**Work to be completed:** In your reply, repeat the full listing exactly and leave each picture out.

***** Records for the exercise

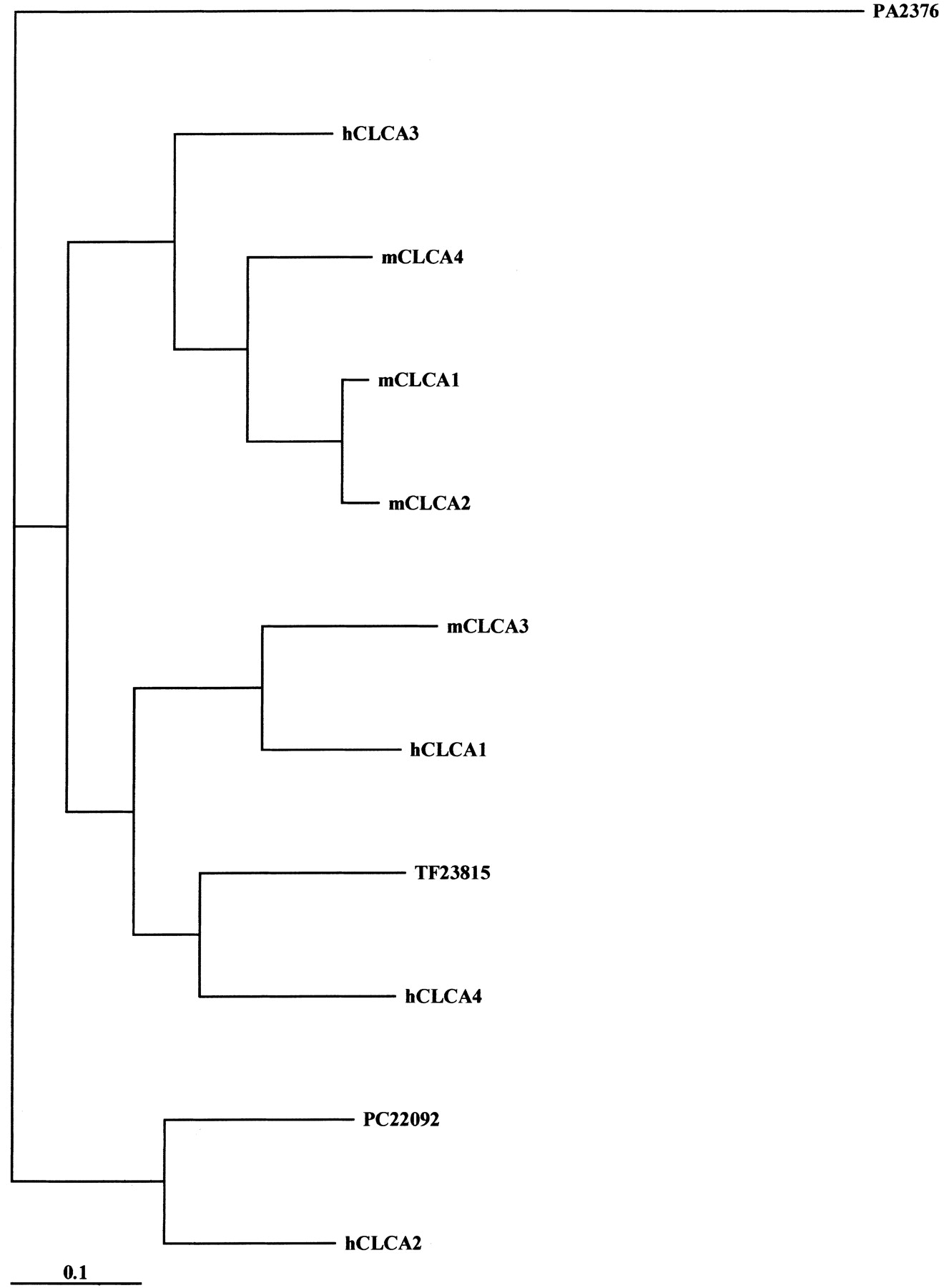 Phylogenetic tree for calcium-activated chloride channels (CLCAs). We included all the known mouse and human members of this family. PA2376 Cx43 Connexin was used as an outgroup. ClustalX was used to generate all the alignments of amino acid sequences. The following entries were analyzed: MmmCLCA1 PB18915 gp=NP_085104 ri E030034K24 chloride channel calcium activated 1; mCLCA2 gi 13447394 ref NP_085104.1 chloride channel calcium activated 2 [Mus musculus]; mCLCA3 PB6141 gp=NP_059502 chloride channel calcium activated 3; mCLCA4 gi 15822539 gb AAG23712.1 calcium-activated chloride channel CLCA4 [Mus musculus]; PC22092 ri=4732440A06 cdslen=2829 similar to CALCIUM-ACTIVATED CHLORIDE CHANNEL-2 [Homo sapiens]; TF23815 9130020L07 ORF:32..2809 Frame +2; hCLCA1 gi 20538010 ref XP_030657.4 calcium activated chloride channel 1 precursor [Homo sapiens]; hCLCA2 gi 5729769 ref NP_006527.1 calcium-activated chloride channel 2 precursor [Homo sapiens]; hCLCA3 gi 4757998 ref NP_004912.1 calcium-activated chloride channel 3 precursor [Homo sapiens]; hCLCA4 gi 20538007 ref XP_030654.4 calcium-activated chloride channel 4 [Homo sapiens]; PA2376 spid=P23242 GAP JUNCTION ALPHA-1 PROTEIN (CONNEXIN 43) (CX43).
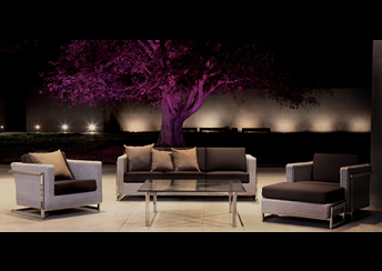 また、ウォーターヒヤシンスのぷっくりとした素材感で表現されるガーデンファニチャーのスタイル自体も個性際立つものです。同じ素材を使ってはいますが、平らなDurawera®を編み込んだものとぷっくりとしたDurawera®ウォーターヒヤシンスを使用したものでは、例え同じデザインのものを作ったとしても表情は全く異なります(写真1・2 参照)。お使いいただくシチュエーションによって、都会的にまとめたいのか、野趣あふれる雰囲気を演出したいのかお考えいただくのも楽しいひとときでしょう。実物をショールームでご覧いただけますので、是非ご来場ください。
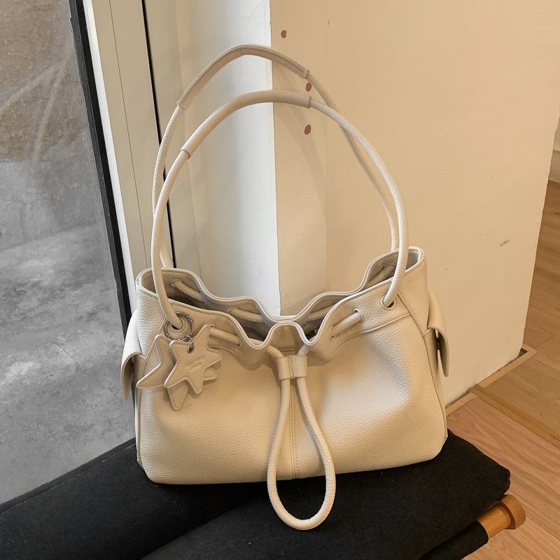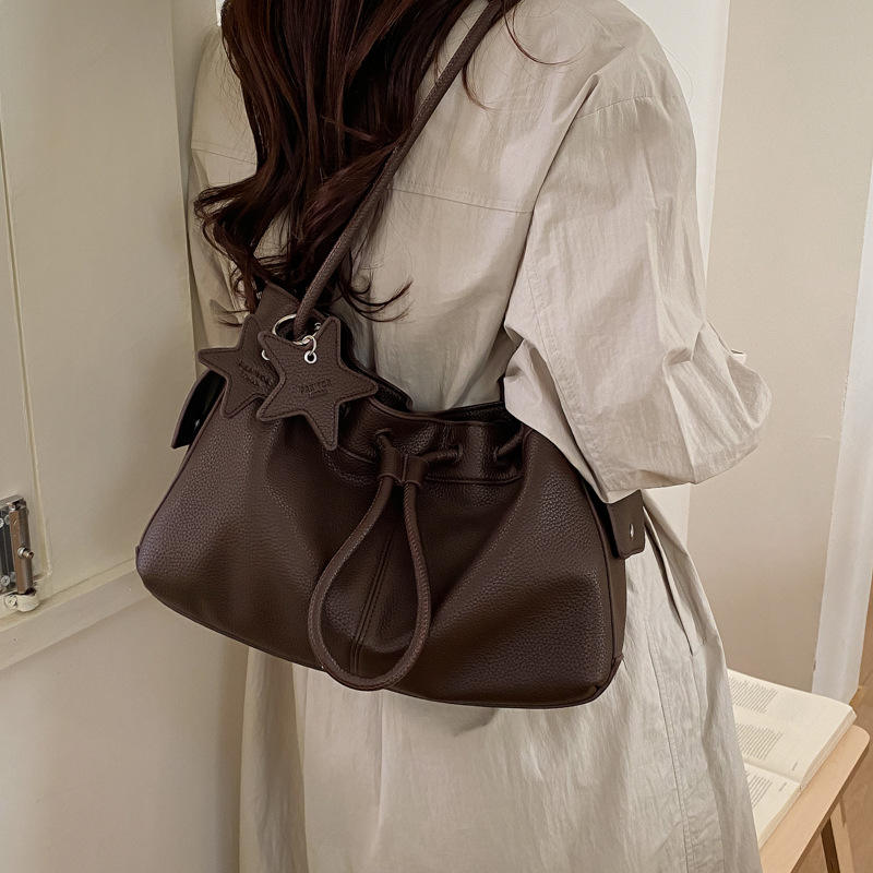 New Dark Brown Lychee Pattern Star Charm Drawstring Bag for Women Exquisite Quality Products Handbag Minimalism Shoulder Bag
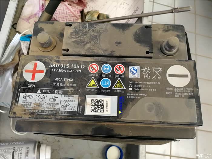 原车瓦尔塔电池已经取出来了。拍一张照留下型号,省的忘记了。
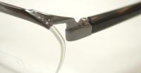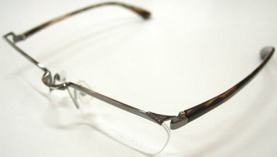 フロントからテンプルにかけて一段落とすことによって、奥行きを与えながらもきついイメージを和らげたカールトン風のデザインです。ヨロイ(サイド)の張り出しがほとんど無いのですっきりとした印象を与え、ビジネスシーンにピッタリのモデルです。質感のあるプラスチックテンプルがさりげない個性を演出します。 |
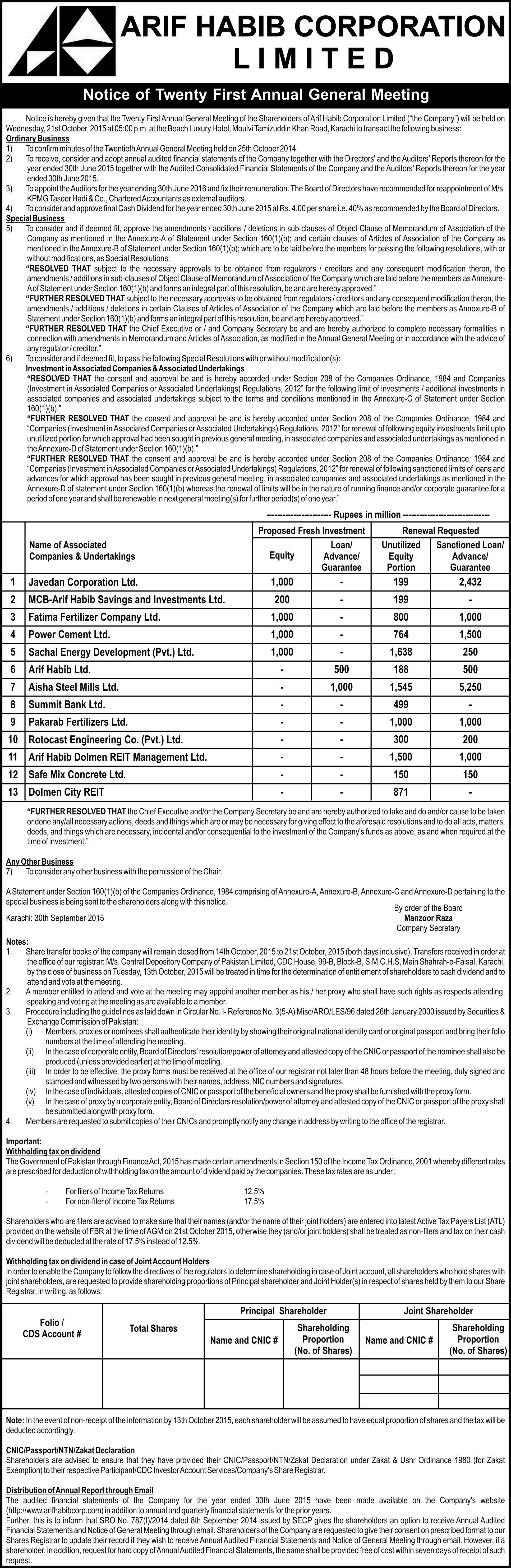 Notice of 21st AGM of the Shareholders of Arif Habib Corporation Limited - English
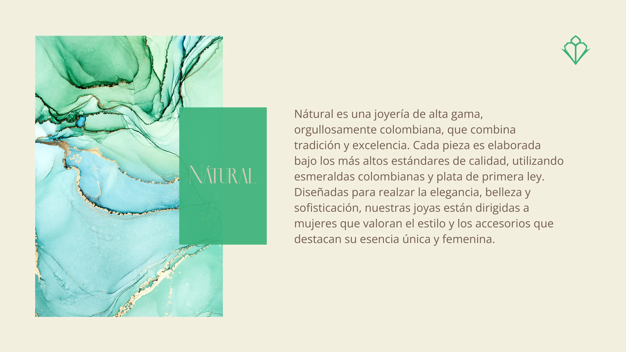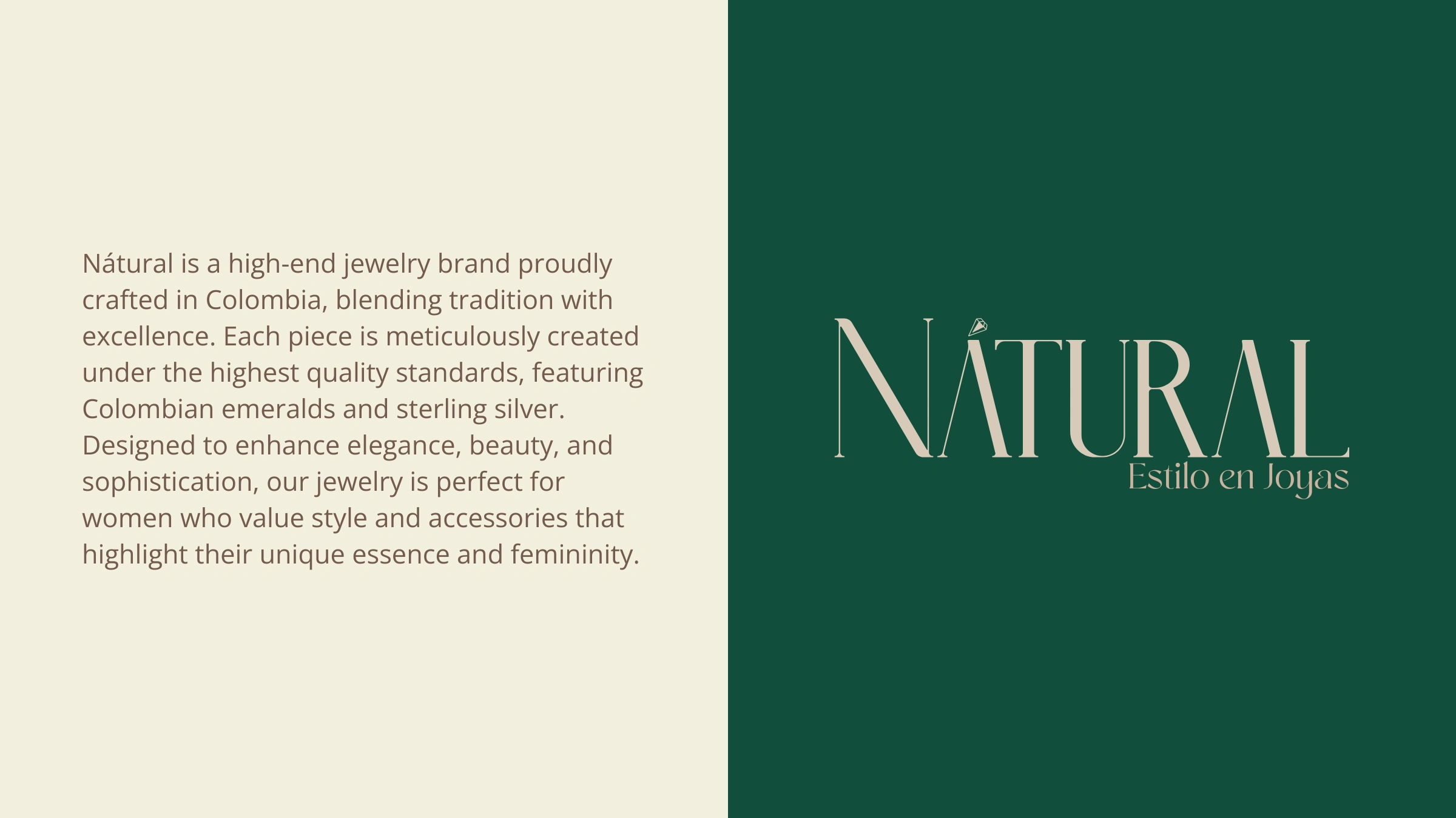 I had the privilege of collaborating with Nátural, a high-end jewelry brand that celebrates the tradition and excellence of Colombian craftsmanship. This project focused on crafting the digital identity of the brand, highlighting its unique value: exquisite jewelry made with Colombian emeralds and sterling silver, designed for women who embrace style, elegance, and sophistication.

**********

**Answer:**
 Phylogenetic tree for calcium-activated chloride channels (CLCAs). We included all the known mouse and human members of this family. PA2376 Cx43 Connexin was used as an outgroup. ClustalX was used to generate all the alignments of amino acid sequences. The following entries were analyzed: MmmCLCA1 PB18915 gp=NP_085104 ri E030034K24 chloride channel calcium activated 1; mCLCA2 gi 13447394 ref NP_085104.1 chloride channel calcium activated 2 [Mus musculus]; mCLCA3 PB6141 gp=NP_059502 chloride channel calcium activated 3; mCLCA4 gi 15822539 gb AAG23712.1 calcium-activated chloride channel CLCA4 [Mus musculus]; PC22092 ri=4732440A06 cdslen=2829 similar to CALCIUM-ACTIVATED CHLORIDE CHANNEL-2 [Homo sapiens]; TF23815 9130020L07 ORF:32..2809 Frame +2; hCLCA1 gi 20538010 ref XP_030657.4 calcium activated chloride channel 1 precursor [Homo sapiens]; hCLCA2 gi 5729769 ref NP_006527.1 calcium-activated chloride channel 2 precursor [Homo sapiens]; hCLCA3 gi 4757998 ref NP_004912.1 calcium-activated chloride channel 3 precursor [Homo sapiens]; hCLCA4 gi 20538007 ref XP_030654.4 calcium-activated chloride channel 4 [Homo sapiens]; PA2376 spid=P23242 GAP JUNCTION ALPHA-1 PROTEIN (CONNEXIN 43) (CX43).
 また、ウォーターヒヤシンスのぷっくりとした素材感で表現されるガーデンファニチャーのスタイル自体も個性際立つものです。同じ素材を使ってはいますが、平らなDurawera®を編み込んだものとぷっくりとしたDurawera®ウォーターヒヤシンスを使用したものでは、例え同じデザインのものを作ったとしても表情は全く異なります(写真1・2 参照)。お使いいただくシチュエーションによって、都会的にまとめたいのか、野趣あふれる雰囲気を演出したいのかお考えいただくのも楽しいひとときでしょう。実物をショールームでご覧いただけますので、是非ご来場ください。
 New Dark Brown Lychee Pattern Star Charm Drawstring Bag for Women Exquisite Quality Products Handbag Minimalism Shoulder Bag
 原车瓦尔塔电池已经取出来了。拍一张照留下型号,省的忘记了。
 フロントからテンプルにかけて一段落とすことによって、奥行きを与えながらもきついイメージを和らげたカールトン風のデザインです。ヨロイ(サイド)の張り出しがほとんど無いのですっきりとした印象を与え、ビジネスシーンにピッタリのモデルです。質感のあるプラスチックテンプルがさりげない個性を演出します。 |
 Notice of 21st AGM of the Shareholders of Arif Habib Corporation Limited - English
 I had the privilege of collaborating with Nátural, a high-end jewelry brand that celebrates the tradition and excellence of Colombian craftsmanship. This project focused on crafting the digital identity of the brand, highlighting its unique value: exquisite jewelry made with Colombian emeralds and sterling silver, designed for women who embrace style, elegance, and sophistication.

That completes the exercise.